Rocks not needed unless to give a sight block in a small tank between males.
Wild bowers are over five foot apart and over a foot wide on open sand. Of caurse in tanks we can get away with less but think 48" is pushing it a bit as the bowers will be real close together.

All the best James


----------



## SmellinFishy (Mar 17, 2013)

24Tropheus said:


> I would give them more bottom space than a 75g.
> One male plus a bunch of females long term is all you will prob manage in there though you may well get em breeding before space becomes a problem.
> They are short lived fish and you need to breed em quick or lose em.
> Personaly I prefer a bigger group of about 10 to 12 in a 60"x18" bottom space then sex mix makes less difference and you can see the males each with there own pit showing off to each other and the females.
> ...


Hey Tropheus how long is the life span of a kelisa?


----------



## 24Tropheus (Jun 21, 2006)

In the wild they grow for about 2-3 years in deaper water come up to sandy shallows then breed together then all die. Maybe just one in 10 recovering enough to try again.
In tanks you can get about 18-24 months of breeding out of em after about a year to 18 months of quick growth. They can then live on not breeding much if at all for up to about 3 years after this.

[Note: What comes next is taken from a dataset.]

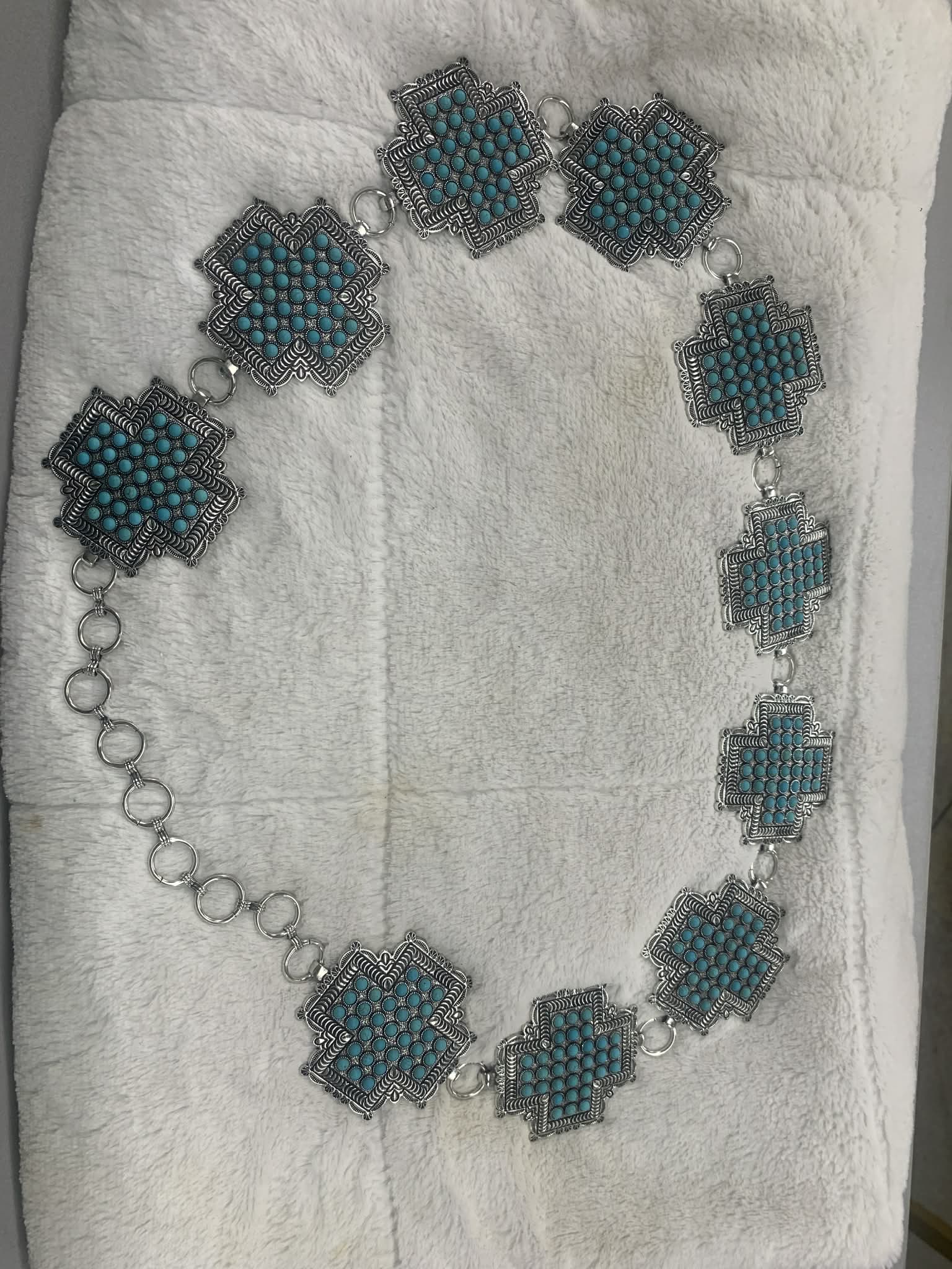 Make a statement with this vibrant turquoise belt! Perfect for adding a pop of color to any outfit, this cross-detail piece brings playful flair to your everyday look. Whether you're dressing up a casual ensemble or cinching a dress, this eye-catching accessory delivers instant style and personality. A fun, versatile essential for anyone who loves bold color choices.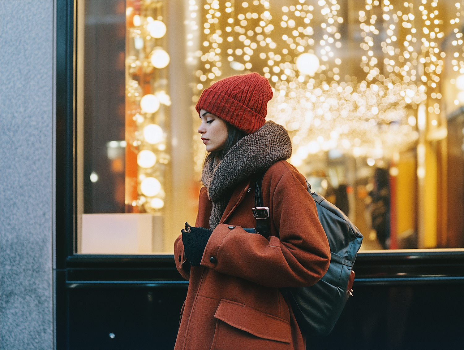 Person in a rust coat and red beanie stands by a festive, light-filled window display, creating a cozy winter atmosphere.

Not kept one alive for over 5 years myself.

All te best James


----------



## 24Tropheus (Jun 21, 2006)

Kind of a big bang species. :lol:


----------



## SmellinFishy (Mar 17, 2013)

24Tropheus said:


> Kind of a big bang species. :lol:


lol I have a few pair right now and they are now less then ideal conditions, 75 gl with tank mates  .


----------



## Razzo (Oct 17, 2007)

Yah, 5 to 7 years is probably max. & might be a stretch. With the right food you might be able to squeeze out 3 years of breeding (max).

48" is mall for these fish. You will probably only get one male digging his pit. In a longer tank you can have multiple pits.

Relatively short life and even shorter breeding life - but TOTALLY worth it! These are one of the most fun fish to watch.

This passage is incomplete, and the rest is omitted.